The Witness never turns red in the face from embarrassment, green with envy, or hot under the collar from anger. The Witness never experiences the disinterest of apathy, the emotional charge of feeling provoked, the craving for what it does not possess. The Witness never experiences the joy of victory, the agony of defeat, the self-satisfaction of a job well-done. The Witness merely shrugs it’s shoulders at what it observes of your interactions with the present moment. Emotionally detached from what is unfolding in your world, your Witness is forever faithful to nothing more than the journey that lies beyond the next bend in the road.

The importance of connecting to the eyes, ears, and voice of the Witness is that:

Only the Witness is capable of inviting your supporting cast members to appear in your internal sanctuary.

Only the Witness is capable of acknowledging the presence of your disowned parts in your internal sanctuary.

Only the Witness is capable of addressing your previously uninvited guests to your internal sanctuary in the manner that they
deserve to be addressed.

Only the Witness is capable of lowering the volume on the booing and hissing that accompanies your character defects wherever they appear.

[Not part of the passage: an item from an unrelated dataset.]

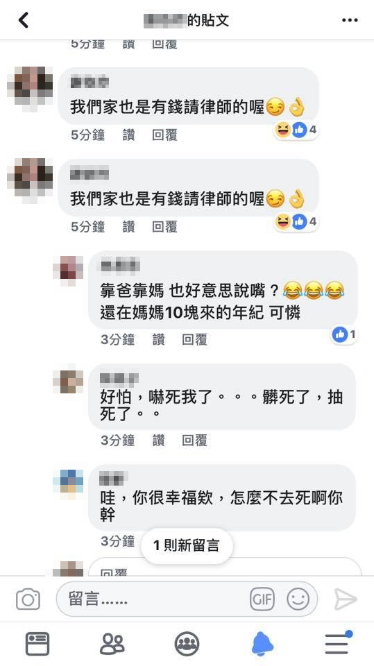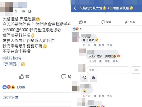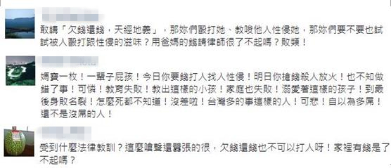 事后,其中一名霸凌女子在臉譜網(wǎng)貼文指出,欠錢還錢,天經(jīng)地義,今天若是你們遇上,你們也會選擇動手吧,欠6000還6000,我們也沒跟她多收,我們不是錢莊喔,不要因?yàn)榭吹叫侣劸头穸ㄎ覀儯覀兤匠J枪詫殞毢脝幔灰粫鰪堊臁YN文引來眾多網(wǎng)友圍剿,可是女子卻反嗆“我們家也是有錢請律師的喔。”

Only the Witness is capable of creating a safe environment in your internal sanctuary for your merry bunch of marauders to dare reveal who they are to you.

Once your internal and external sanctuaries are created, once you’ve fine tuned your radio to the frequency on which your Witness broadcasts its observations, you’re now prepared to tackle  the third skill you need to adopt. That skill is connecting to the present moment. Being present to what you’re experiencing emotionally, cognitively, motivationally, physiologically, behaviorally, and spiritually to each unfolding moment of your life is critical to spiritually transforming the relationship you have with your character defects. This means that you must be present to and connected with each unfolding moment of your life as it is happening.

In order to do so, you must be present to what each experience in your life awakens within you. There’s no escaping this one essential fact. You can’t possibly transform the relationship you have with your character defects without being available, without being open, without being connected to the moment-by-moment events that are the DNA of the circumstances of your life.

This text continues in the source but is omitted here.